*RECORDS TO USE*.
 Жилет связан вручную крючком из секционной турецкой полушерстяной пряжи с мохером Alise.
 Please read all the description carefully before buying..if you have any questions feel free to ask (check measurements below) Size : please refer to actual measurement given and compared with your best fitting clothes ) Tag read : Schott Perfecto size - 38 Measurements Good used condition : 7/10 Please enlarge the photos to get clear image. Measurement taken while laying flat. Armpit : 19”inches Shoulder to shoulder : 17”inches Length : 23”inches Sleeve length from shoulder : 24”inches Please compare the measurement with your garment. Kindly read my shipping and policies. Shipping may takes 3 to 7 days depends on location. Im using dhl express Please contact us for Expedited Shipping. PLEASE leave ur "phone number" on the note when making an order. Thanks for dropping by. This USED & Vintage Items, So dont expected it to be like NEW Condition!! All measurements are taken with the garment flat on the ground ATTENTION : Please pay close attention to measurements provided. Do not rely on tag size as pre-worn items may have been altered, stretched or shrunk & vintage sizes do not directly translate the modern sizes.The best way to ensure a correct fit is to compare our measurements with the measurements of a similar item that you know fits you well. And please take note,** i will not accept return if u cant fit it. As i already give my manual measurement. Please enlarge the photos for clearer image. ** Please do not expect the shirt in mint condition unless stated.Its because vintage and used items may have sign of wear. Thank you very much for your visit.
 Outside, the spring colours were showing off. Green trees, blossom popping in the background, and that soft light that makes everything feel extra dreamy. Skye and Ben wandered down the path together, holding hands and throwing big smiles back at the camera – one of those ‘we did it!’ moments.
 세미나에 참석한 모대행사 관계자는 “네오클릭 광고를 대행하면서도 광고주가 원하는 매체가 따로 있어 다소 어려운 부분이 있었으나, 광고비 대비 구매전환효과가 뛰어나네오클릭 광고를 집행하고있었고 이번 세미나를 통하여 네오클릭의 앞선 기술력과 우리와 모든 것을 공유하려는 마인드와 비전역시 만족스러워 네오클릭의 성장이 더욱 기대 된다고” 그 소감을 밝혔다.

--

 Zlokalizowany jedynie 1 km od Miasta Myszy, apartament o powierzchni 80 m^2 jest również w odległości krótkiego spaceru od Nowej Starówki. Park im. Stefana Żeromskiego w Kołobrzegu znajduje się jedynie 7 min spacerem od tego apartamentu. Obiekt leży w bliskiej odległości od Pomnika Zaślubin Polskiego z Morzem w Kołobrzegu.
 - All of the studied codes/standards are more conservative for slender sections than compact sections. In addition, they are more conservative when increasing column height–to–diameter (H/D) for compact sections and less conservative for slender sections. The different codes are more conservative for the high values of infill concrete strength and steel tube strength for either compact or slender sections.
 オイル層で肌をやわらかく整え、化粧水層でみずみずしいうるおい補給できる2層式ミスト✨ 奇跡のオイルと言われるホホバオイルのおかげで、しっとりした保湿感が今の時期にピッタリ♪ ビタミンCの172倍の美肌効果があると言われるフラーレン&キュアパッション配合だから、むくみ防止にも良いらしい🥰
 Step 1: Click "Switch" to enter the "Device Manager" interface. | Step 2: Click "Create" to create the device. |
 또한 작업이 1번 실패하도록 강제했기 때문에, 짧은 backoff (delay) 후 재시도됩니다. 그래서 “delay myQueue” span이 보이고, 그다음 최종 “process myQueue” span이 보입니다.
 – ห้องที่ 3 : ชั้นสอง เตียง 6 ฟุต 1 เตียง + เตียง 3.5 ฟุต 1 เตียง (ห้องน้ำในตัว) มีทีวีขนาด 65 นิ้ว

--

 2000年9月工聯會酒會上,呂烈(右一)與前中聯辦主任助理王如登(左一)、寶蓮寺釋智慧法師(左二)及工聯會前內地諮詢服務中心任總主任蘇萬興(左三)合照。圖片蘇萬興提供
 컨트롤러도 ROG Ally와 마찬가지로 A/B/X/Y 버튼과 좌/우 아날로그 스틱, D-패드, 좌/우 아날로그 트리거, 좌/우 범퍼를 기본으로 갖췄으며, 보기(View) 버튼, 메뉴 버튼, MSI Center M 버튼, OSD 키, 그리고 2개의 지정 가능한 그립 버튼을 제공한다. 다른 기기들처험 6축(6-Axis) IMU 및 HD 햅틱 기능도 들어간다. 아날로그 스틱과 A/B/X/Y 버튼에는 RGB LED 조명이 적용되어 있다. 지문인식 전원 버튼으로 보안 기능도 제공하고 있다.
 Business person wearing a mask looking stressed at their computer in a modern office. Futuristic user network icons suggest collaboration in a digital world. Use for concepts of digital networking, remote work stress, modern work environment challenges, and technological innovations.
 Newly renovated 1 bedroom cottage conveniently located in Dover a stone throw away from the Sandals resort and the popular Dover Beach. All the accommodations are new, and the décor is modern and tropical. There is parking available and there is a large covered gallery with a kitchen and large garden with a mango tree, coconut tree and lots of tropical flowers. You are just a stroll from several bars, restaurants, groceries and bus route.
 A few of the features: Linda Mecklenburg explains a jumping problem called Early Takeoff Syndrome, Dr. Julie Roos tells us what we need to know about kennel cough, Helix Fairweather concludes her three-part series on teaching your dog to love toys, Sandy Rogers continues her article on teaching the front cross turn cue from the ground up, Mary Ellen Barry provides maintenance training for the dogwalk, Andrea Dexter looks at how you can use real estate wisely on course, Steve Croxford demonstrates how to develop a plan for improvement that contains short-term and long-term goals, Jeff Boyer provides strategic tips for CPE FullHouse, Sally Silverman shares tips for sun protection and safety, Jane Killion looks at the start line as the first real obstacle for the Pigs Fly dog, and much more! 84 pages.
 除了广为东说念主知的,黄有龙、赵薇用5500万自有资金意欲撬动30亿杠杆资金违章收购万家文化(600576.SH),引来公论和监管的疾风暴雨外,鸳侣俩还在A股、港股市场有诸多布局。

*WHAT TO WORK ON*.
In the listing above, find the line with "Step 1: Click" and the line with "มีทีวีขนาด 65 นิ้ว"; set down exactly those two lines and every line between them, nothing more.

*RESULT OF THIS TASK*.
 Step 1: Click "Switch" to enter the "Device Manager" interface. | Step 2: Click "Create" to create the device. |
 또한 작업이 1번 실패하도록 강제했기 때문에, 짧은 backoff (delay) 후 재시도됩니다. 그래서 “delay myQueue” span이 보이고, 그다음 최종 “process myQueue” span이 보입니다.
 – ห้องที่ 3 : ชั้นสอง เตียง 6 ฟุต 1 เตียง + เตียง 3.5 ฟุต 1 เตียง (ห้องน้ำในตัว) มีทีวีขนาด 65 นิ้ว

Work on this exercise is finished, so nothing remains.